Each vertical member 148 includes a top end 148a and a bottom end 148b. The top end 148a of vertical member 148 is configured to connect to the top chord 142 and the bottom end 148b of vertical member 148 is configured to connect to the bottom chord 144. Vertical member 148 may be connected to top chord 142 and bottom chord 144 using any suitable securement technique such as welding, mechanical fastening, adhesive bonding, or the like. It is further contemplated that top chord 142 and bottom chord 144 may each include one or more slots (not shown) such that vertical members 148 may be press-fit into the one or more slots. Vertical members 148 connect at locations of top chord 142 and bottom chord 144 such that first end 142a of top chord 142 and first end 144a of bottom chord 144 are vertically aligned, and such that second end 142b of top chord 142 and second end 144b of bottom chord 144 are vertically aligned.

Vertical members 148 may be connected to top chord 142 and bottom chord 144 in increments moving from first ends 142a, 144a to second ends 142b, 144b. In aspects, when bottom chord 144 is of a curved configuration, each vertical member 148 may decrease in vertical length moving from first end 144a of the bottom chord 144 to the vertex of bottom chord 144. Then, moving from the vertex of bottom chord 144 to second end 144b of bottom chord 144, each vertical member 148 may increase in vertical length. That is, the vertical length of each vertical member 148 moving from first end 144a to second end 144b of bottom chord 144 may change such that each bottom end 148b of vertical member 148 traces a profile of bottom chord 144. Bottom end 148b of each vertical member 148 may be angled to further aid in tracing the profile of bottom chord 144.

In aspects, arch assembly 140 may further include a panel 152. Panel 152 includes a top end 152a and a bottom end 152b. Top end 152a is configured to connect to top chord 142 and bottom end 152b is configured to connect to bottom chord 144. Panel 152 may be connected to top chord 142 and bottom chord 144 using any suitable securement technique such as welding, mechanical fastening, adhesive bonding, or the like. It is further contemplated that top chord 142 and bottom chord 144 may each include a slot (not shown) such that panel 152 may be press-fit into the slot. Panel 152 may be disposed at a central location of both top chord 142 and bottom chord 144. Panel 152 may further be bounded by top chord 142, bottom chord 144, and vertical members 148.

In aspects, panel 152 may be removably connected to top chord 142 and bottom chord 144. Panel 152 may be a structural member, or may be used decoratively. For example, panel 152 may display a logo or a pattern.

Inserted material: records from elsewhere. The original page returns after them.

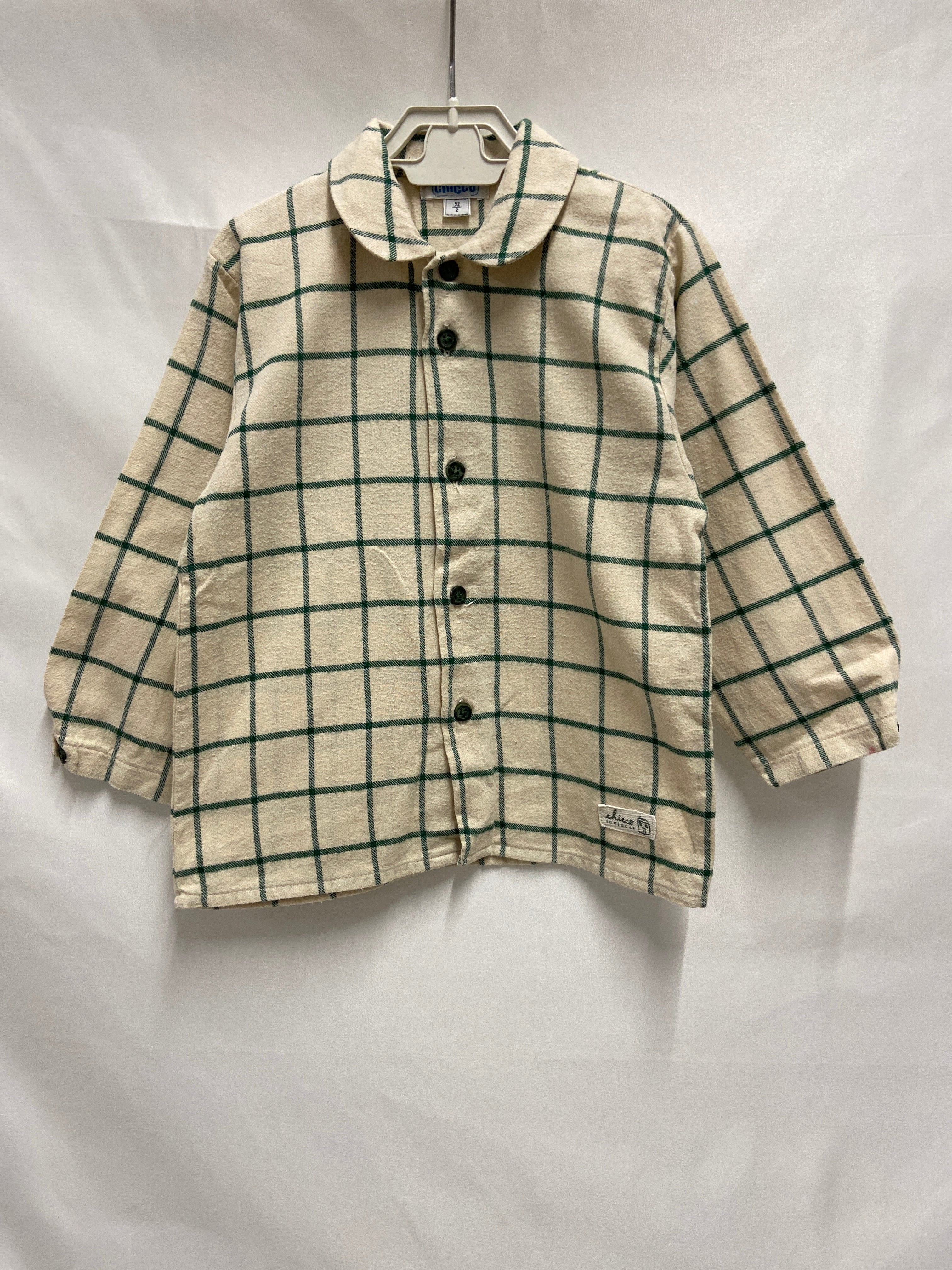 Questa adorabile giacca a quadri è un'aggiunta perfetta al guardaroba del tuo piccolo! Realizzata in un morbido tessuto, presenta un classico motivo a scacchi beige e verde che le conferisce un charme vintage e accogliente. Il design con colletto rotondo e bottoni frontali rende questo capo sia trendy che pratico, ideale per i cambiamenti di temperatura. Le maniche lunghe e il taglio ampio assicurano comfort durante il gioco e la libertà di movimento. Nonostante sia usata, è in ottime condizioni, pronta per accompagnare ogni avventura del tuo bambino! Questo è un pezzo che unisce stile e funzionalità, perfetto per piccole esploratrici e esploratori!
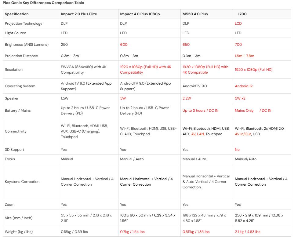 Both models deliver exceptional image quality and versatile connectivity. Choose Impact 4.0 Plus for sensory spaces and portability, or M550 for maximum brightness and sleek design.
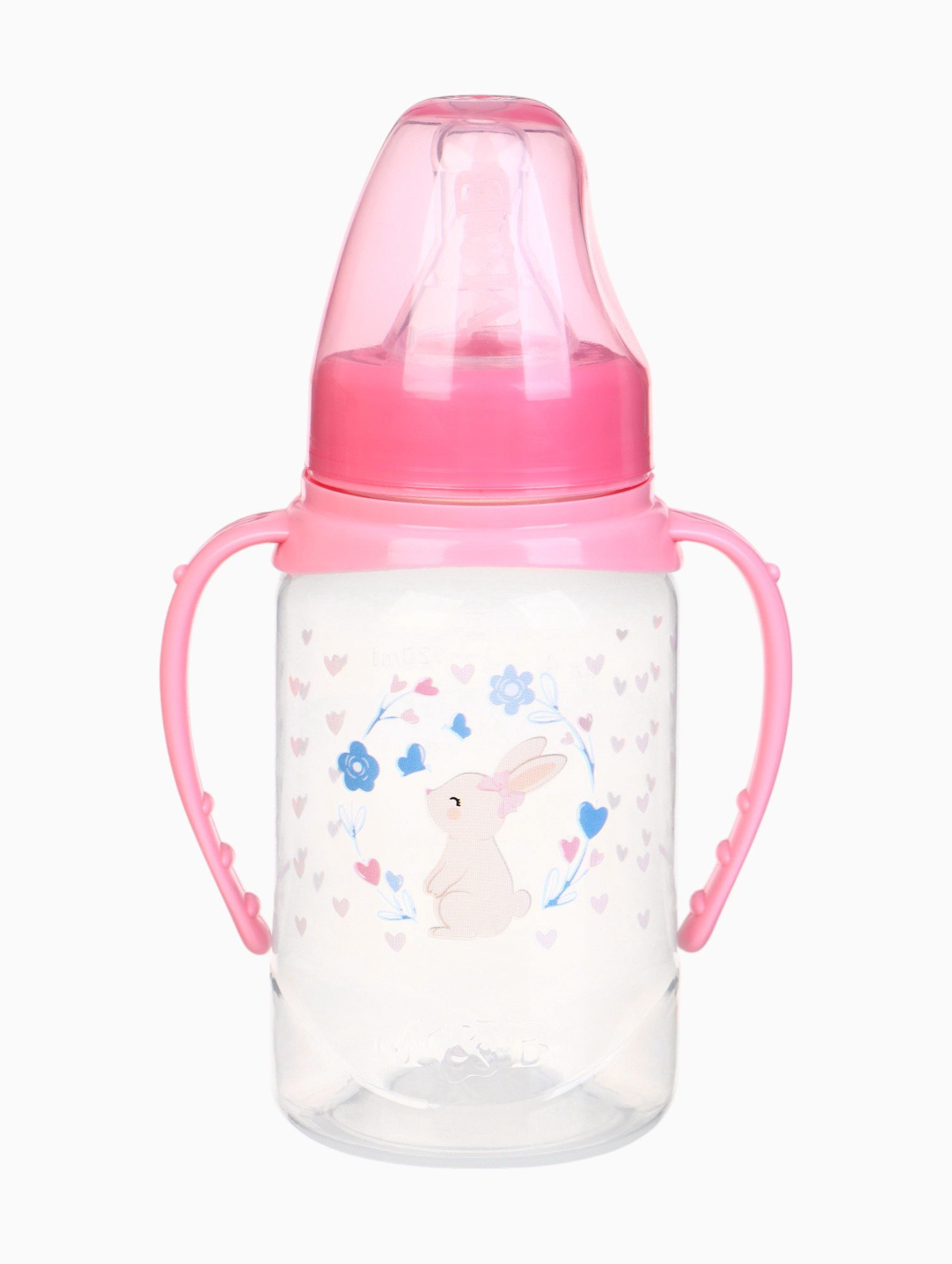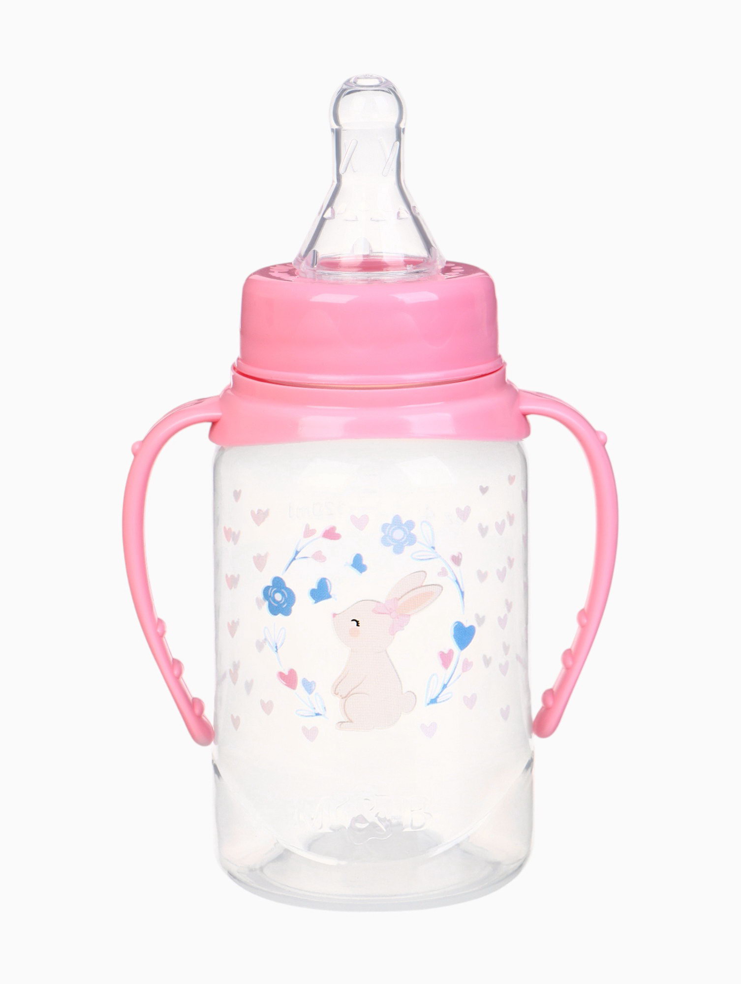 Бутылочка для кормления малыша M&B "Доченька", классическое горло, с ручками, от 0 мес., 150 мл, розовый, 9x5.5x14 см., Mum&Baby, Россия
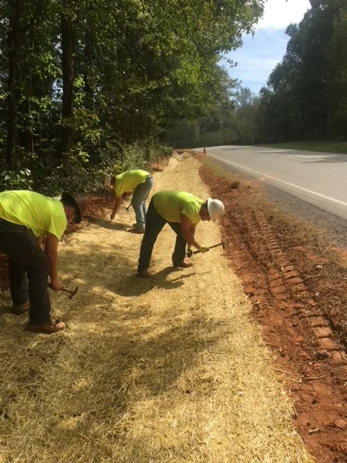 We follow GSWCC guidelines when installing permanent or temporary grassing to prevent soil erosion. We choose grass seed based on season and specific job site conditions, and install mulch hay to ensure proper vegetation growth.
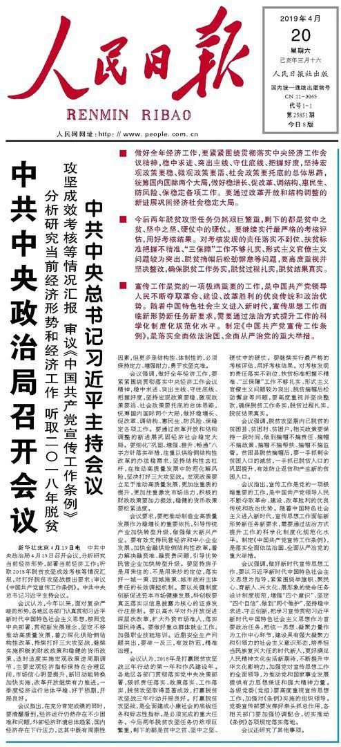 2019年4月19日,中共中央政治局召開會議,審議《中國共產黨宣傳工作條例》
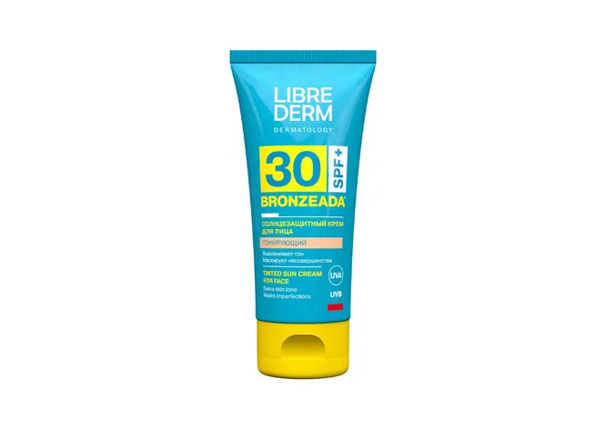 Если дуэт солнцезащитного средства и тонального флюида тебе кажется довольно плотным, можно сделать ставку на продукты от солнца с тонирующим эффектом — вроде крема Bronzeada от Librederm, с оптимальным уровнем защиты SPF 30 и выравнивающим действием.
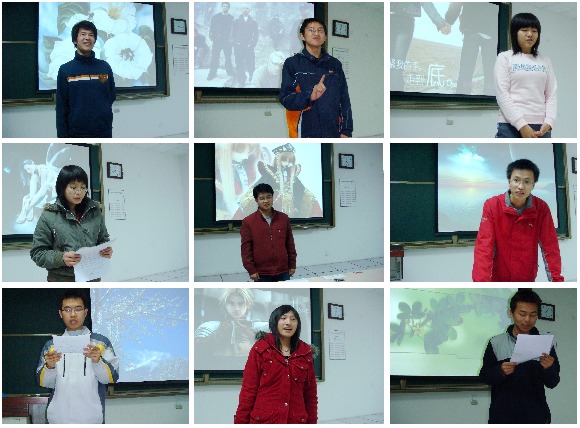 3月21日晚,材料学院材料成型与控制工程班德育答辩开题会在良乡校区综合教学楼A201教室举行,材料成型专业班主任杨彦波,设计艺术学院班主任张学智和材料学院07级辅导员李紫千出席了开题会,材料成型班全体学生参加了本次开题报告。材料成型班的德育答辩打破了传统模式,采取全班同学自由分组的形式,围绕“过去、现在、未来”三个主题进行答辩开题。同学们回顾过去感慨万千,那记忆中模糊的笑脸,见证了他们的欢笑与辛酸的高中生活,那谆谆教诲,辛苦育人的老师,让每个人终生难忘。回忆像一条泛着七彩霞光的丝线,穿起了大家人生最珍贵的回忆!
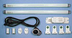 Mallette en PVC contenant 4 tubes UV de 8 W ainsi que les accessoires (ballasts, starters, supports).
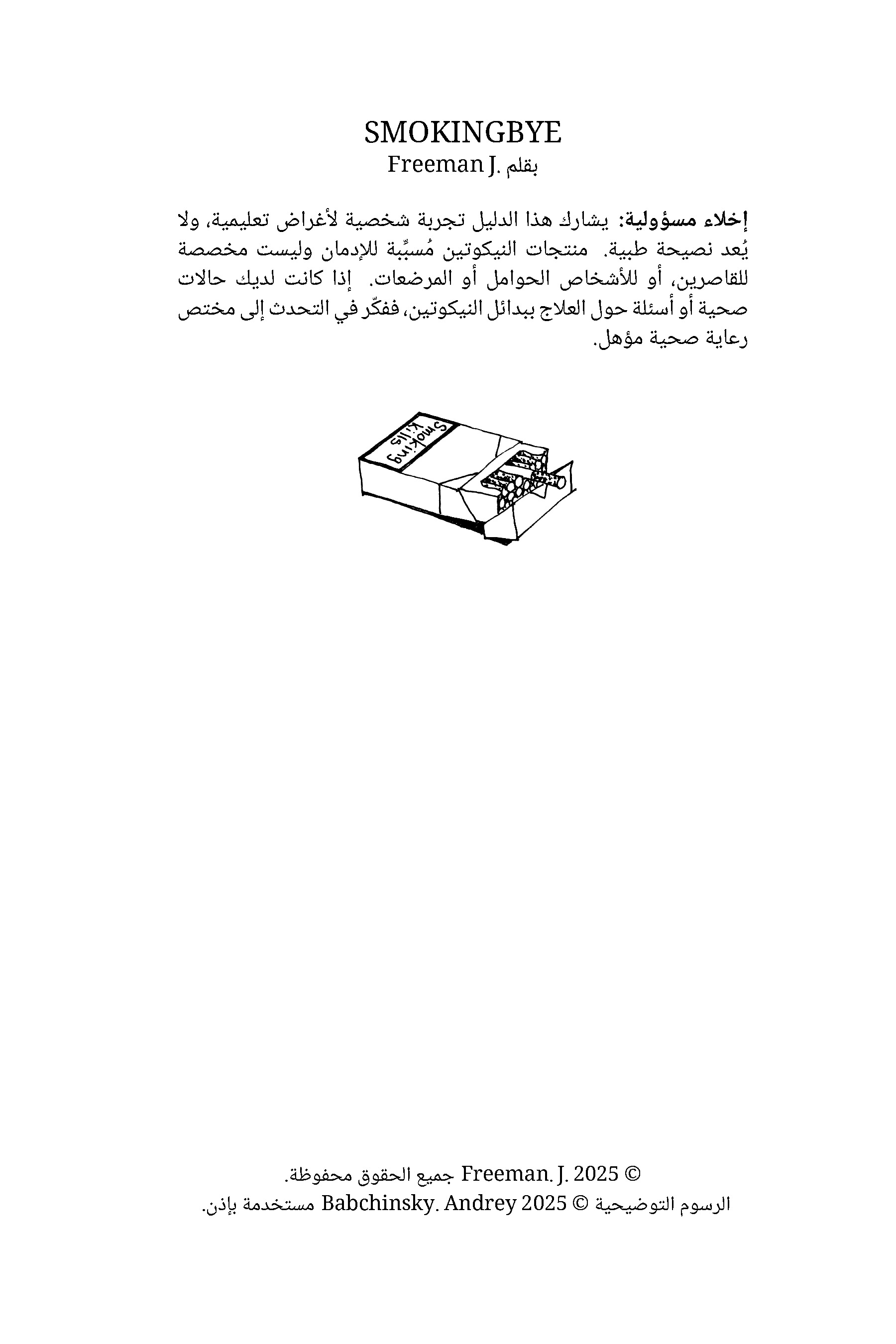 SmokingBye هو دليل PDF قصير ومنظم مخصص للبالغين من المدخنين ومستخدمي النيكوتين الذين يرغبون في الإقلاع دون توتر أو ضغط أو الاعتماد على قوة الإرادة وحدها — من خلال نهج هادئ يعتمد على التقليل التدريجي (وليس “الإقلاع المفاجئ”).
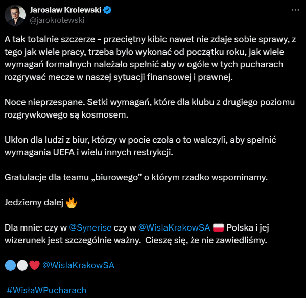Królewski po awansie Wisły do kolejnej fazy LKE
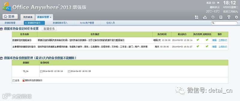 2)方法二:以admin身份登录OA系统,在系统管理->数据库管理->数据库热备份页面,通过数据库热备份定时任务设置自动热备份数据库,设置好数据库定时智能备份的参数(备份间隔天数、备份时间、备份的数据库、重点模块数据等),系统根据定时智能备份参数进行自动定时热备份数据库,将数据库备份到OA安装目录下的bak目录下(如OA安装在d:\myoa下,则数据库备份到d:\myoa\bak目录)。 如需即时备份,可直接点击“立即执行”即可立即启动备份程序进行数据库热备份。如图所示:
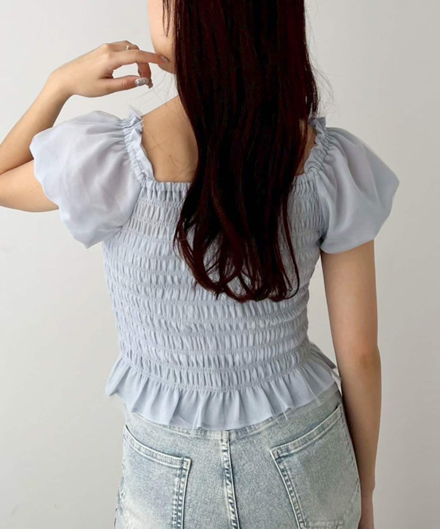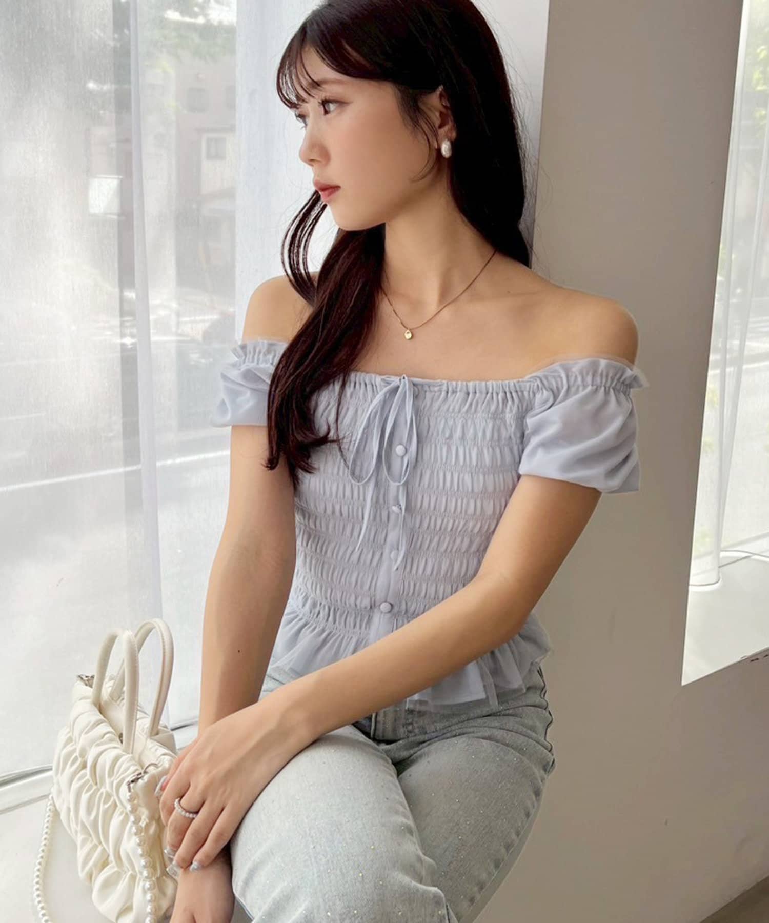 柔らかいシャーリングゴムなので簡単にオフショルで着ることができ、

In aspects, the logo or pattern may be printed on, drawn on, painted on, or otherwise applied to panel 152. In further aspects, the logo or pattern may be formed by cutting a portion of panel 152 away, such as by laser cutting. In additional aspects, panel 152 may comprise an electronic display, which may display a logo, pattern, video, or the like.

To assemble scaffolding system 100, bolt 154 is inserted into each through-hole 146a of arch assembly 140, then inserted into each threaded insert 126 disposed in upper through-hole 124a and lower through-hole 124b of leg assembly 120 and tightened. A leg assembly 120 is thus attached at each end of arch assembly 140, with two connection points between arch assembly 140 and each leg assembly 120. With reference to FIG. 8, an enlarged view of a connection between leg assembly 120 and arch assembly 140 is shown. In aspects, main tube 122 may include upper through-holes 124a and lower through-holes 124b on all surfaces of main tube 122, allowing for an arch assembly 140 to be connected to all surfaces of main tube 122. In aspects, it is contemplated that scaffolding system 100 may include additional through-holes containing threaded inserts in each leg assembly 120, and each arch assembly 140 may include additional chords for connection to said additional through-holes.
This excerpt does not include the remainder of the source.